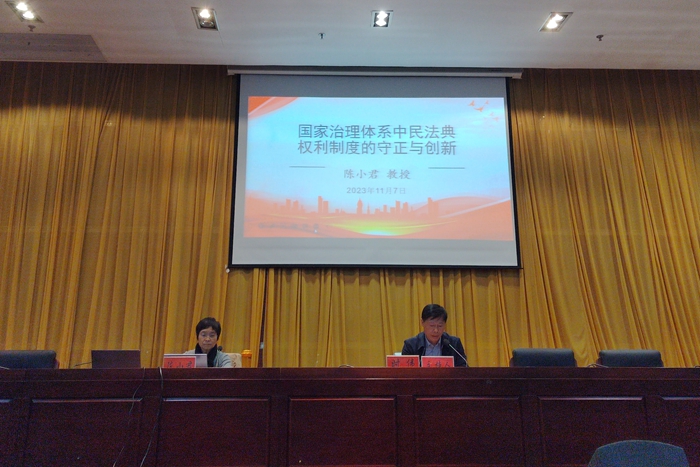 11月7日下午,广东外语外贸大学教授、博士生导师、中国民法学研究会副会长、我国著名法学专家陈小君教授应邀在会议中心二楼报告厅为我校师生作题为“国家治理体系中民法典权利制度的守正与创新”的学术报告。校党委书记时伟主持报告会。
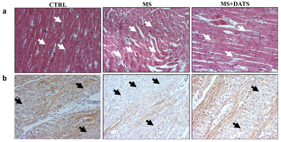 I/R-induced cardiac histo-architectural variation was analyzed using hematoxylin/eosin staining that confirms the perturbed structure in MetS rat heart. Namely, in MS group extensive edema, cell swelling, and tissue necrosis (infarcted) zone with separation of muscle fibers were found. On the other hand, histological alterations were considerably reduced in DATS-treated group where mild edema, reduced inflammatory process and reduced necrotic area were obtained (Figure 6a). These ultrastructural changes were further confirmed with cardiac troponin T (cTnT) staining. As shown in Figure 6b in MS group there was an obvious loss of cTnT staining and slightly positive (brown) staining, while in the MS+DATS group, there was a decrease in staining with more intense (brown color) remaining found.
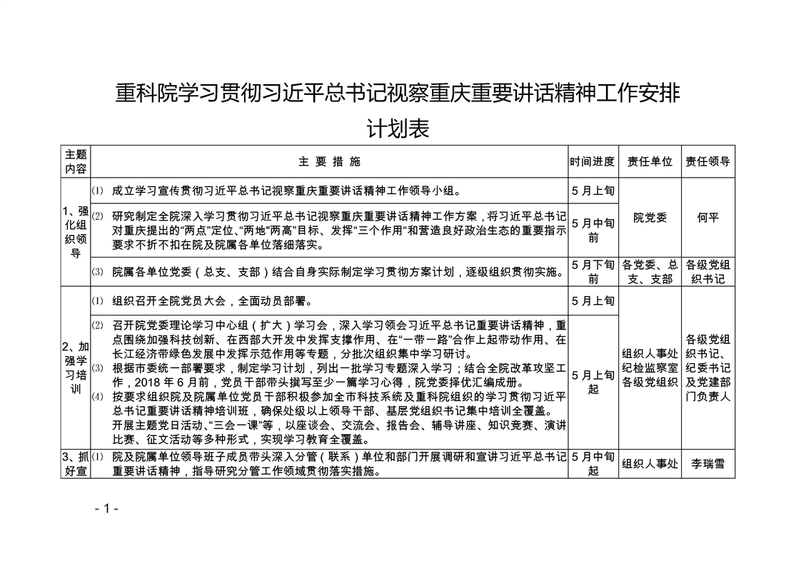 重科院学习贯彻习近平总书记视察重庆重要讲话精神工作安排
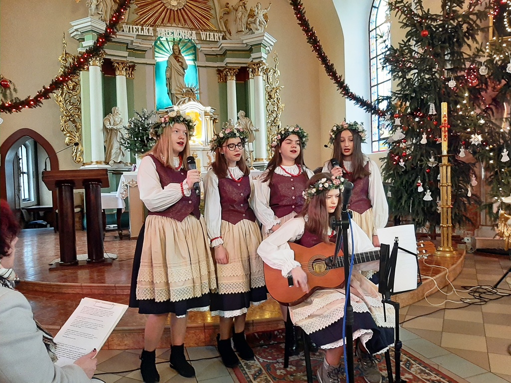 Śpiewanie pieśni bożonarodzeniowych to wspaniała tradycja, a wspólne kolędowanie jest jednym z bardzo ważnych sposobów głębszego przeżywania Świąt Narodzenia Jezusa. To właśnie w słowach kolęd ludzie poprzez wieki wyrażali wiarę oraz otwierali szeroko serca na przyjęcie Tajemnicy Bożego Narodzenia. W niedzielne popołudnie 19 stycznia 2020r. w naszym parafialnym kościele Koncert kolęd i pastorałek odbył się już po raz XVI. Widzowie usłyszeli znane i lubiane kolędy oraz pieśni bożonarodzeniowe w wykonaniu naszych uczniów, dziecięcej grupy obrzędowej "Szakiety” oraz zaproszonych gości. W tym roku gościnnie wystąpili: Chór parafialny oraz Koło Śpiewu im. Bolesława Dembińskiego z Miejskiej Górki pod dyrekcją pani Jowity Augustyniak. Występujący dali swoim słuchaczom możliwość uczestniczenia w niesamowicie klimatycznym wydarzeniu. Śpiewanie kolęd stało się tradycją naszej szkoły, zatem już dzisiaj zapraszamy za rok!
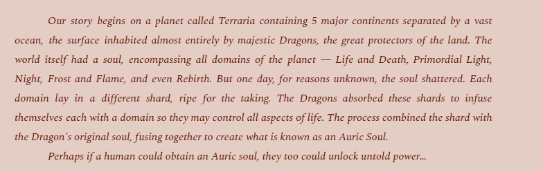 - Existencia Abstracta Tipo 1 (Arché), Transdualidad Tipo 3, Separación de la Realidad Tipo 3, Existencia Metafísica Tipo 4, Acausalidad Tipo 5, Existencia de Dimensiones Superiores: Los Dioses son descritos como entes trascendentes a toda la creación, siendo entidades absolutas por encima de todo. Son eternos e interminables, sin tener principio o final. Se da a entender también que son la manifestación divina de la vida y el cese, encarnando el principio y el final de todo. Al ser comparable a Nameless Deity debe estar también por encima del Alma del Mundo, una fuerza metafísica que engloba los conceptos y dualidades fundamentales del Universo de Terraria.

:::::

• **What to produce**: No pictures should appear; only the lines from the first line of the records through the line with "重科院学习贯彻习近平总书记视察重庆重要讲话精神工作安排", both included, are to be restated word for word.

• **The answer**:
 11月7日下午,广东外语外贸大学教授、博士生导师、中国民法学研究会副会长、我国著名法学专家陈小君教授应邀在会议中心二楼报告厅为我校师生作题为“国家治理体系中民法典权利制度的守正与创新”的学术报告。校党委书记时伟主持报告会。
 I/R-induced cardiac histo-architectural variation was analyzed using hematoxylin/eosin staining that confirms the perturbed structure in MetS rat heart. Namely, in MS group extensive edema, cell swelling, and tissue necrosis (infarcted) zone with separation of muscle fibers were found. On the other hand, histological alterations were considerably reduced in DATS-treated group where mild edema, reduced inflammatory process and reduced necrotic area were obtained (Figure 6a). These ultrastructural changes were further confirmed with cardiac troponin T (cTnT) staining. As shown in Figure 6b in MS group there was an obvious loss of cTnT staining and slightly positive (brown) staining, while in the MS+DATS group, there was a decrease in staining with more intense (brown color) remaining found.
 重科院学习贯彻习近平总书记视察重庆重要讲话精神工作安排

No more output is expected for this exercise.